Aired May 23, 2011
For Chipotle Puree:
1 cup (7 ounces) chipotle peppers in adobo sauce
1 tablespoon chipotle puree
1 cup tomato puree, canned
1/4 cup freshly squeezed lime juice (about 5-6 limes)
2 teaspoons cumin, ground
1 teaspoon coriander seed, ground
1 tablespoon honey or agave syrup
For Chicken Breasts:
4 6-8 ounces each boneless chicken breasts, with or without skin, sliced horizontally
Salt and Pepper
1/2 cup reserved marinade
4 each tortillas (corn or flour)
1 can (21 ounces) BUSH'S Texas Ranchero Grillin Beans
For Chipotle Puree: In blender or food processor, puree peppers. Set aside. (Store extra chipotle puree in refrigerator for up to three weeks. Puree is a great way to add a quick blast of smoky heat to salsas, sauces and eggs.)
For Marinade: In large bowl mix together chipotle puree, tomato puree, lime juice, cumin, coriander and honey. Remove 1/2 cup of marinade and set aside in small bowl. Refrigerate for later use.

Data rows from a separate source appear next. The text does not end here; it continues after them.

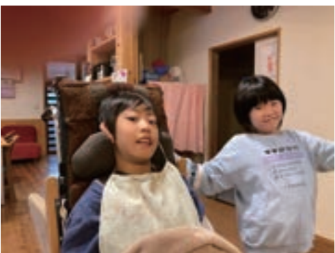
HAPPY BIRTHDAY TO YOU～♪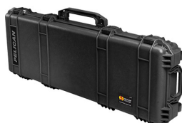
1720NF No Foam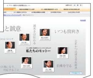
ソニー損保の事故解決力紹介ページ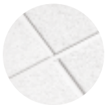
CIRRUS Beveled Tegular con Reticula de Te expuesta SUPRAFINE 9/16"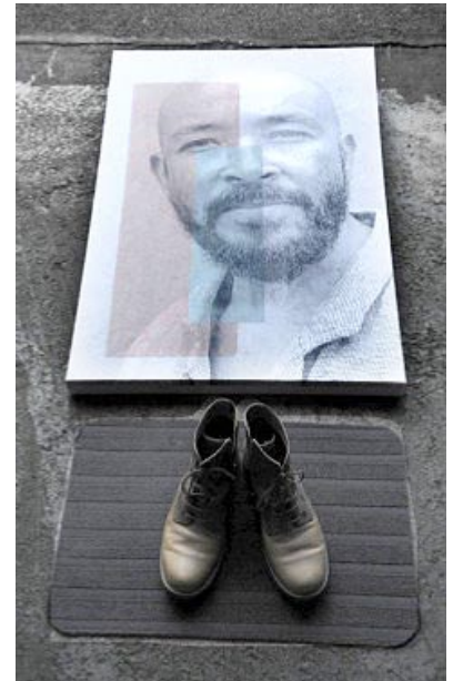
„Füße abtreten nicht vergessen“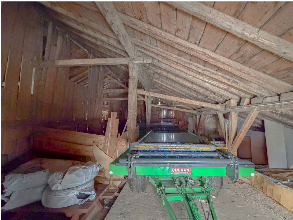
Rural au rez supérieur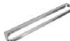
Acabado: Nickel Serie: M1 Paso: 160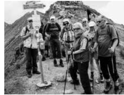
St. Antönier Joch

Heute Morgen klang es wie Musik in den Ohren. Unser Buschauffeur ruft nach den 38 «Teenagern». Die Fahrt über die Silvrettahochebene bis zum Kopssee ist ein besonderes Ereignis. Eine gemeinsame Wanderung vom Kopssee – zur Verbella Alpe – weiter durch das Europa-Schutzgebiet – zum Wiegensee – einfach Natur pur. Oft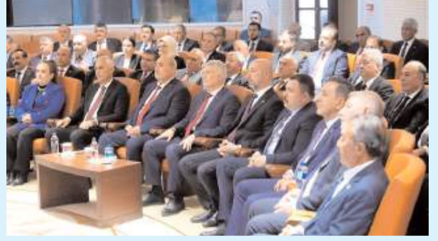
Ziyarette Çorum'un projeleri de istişare edildi.

For Chicken Breasts: Place chicken in marinade, turn to coat. Cover bowl with plastic wrap and refrigerate for 6 hours to overnight.
Remove chicken from bowl and wipe off excess marinade. Season with salt and pepper.
Set clean, well-oiled grill to medium-high heat. When grill is hot, using tongs, place chicken on grill and cook with grill lid open until marked and golden brown, about 2 minutes per side.
Reduce grill temperature to medium heat. With basting brush, coat both sides of chicken with reserved marinade and discard any remaining marinade. Wrap chicken in foil and cook for an additional 3-5 minutes per side.
Grill tortillas until warm/marked on both sides. Set aside.
Remove chicken from grill when juices run clear or internal temperature reaches 170F. Place chicken on grilled tortillas and let rest for 10 minutes before serving.
Serve with BUSHS Texas Ranchero Grillin Beans.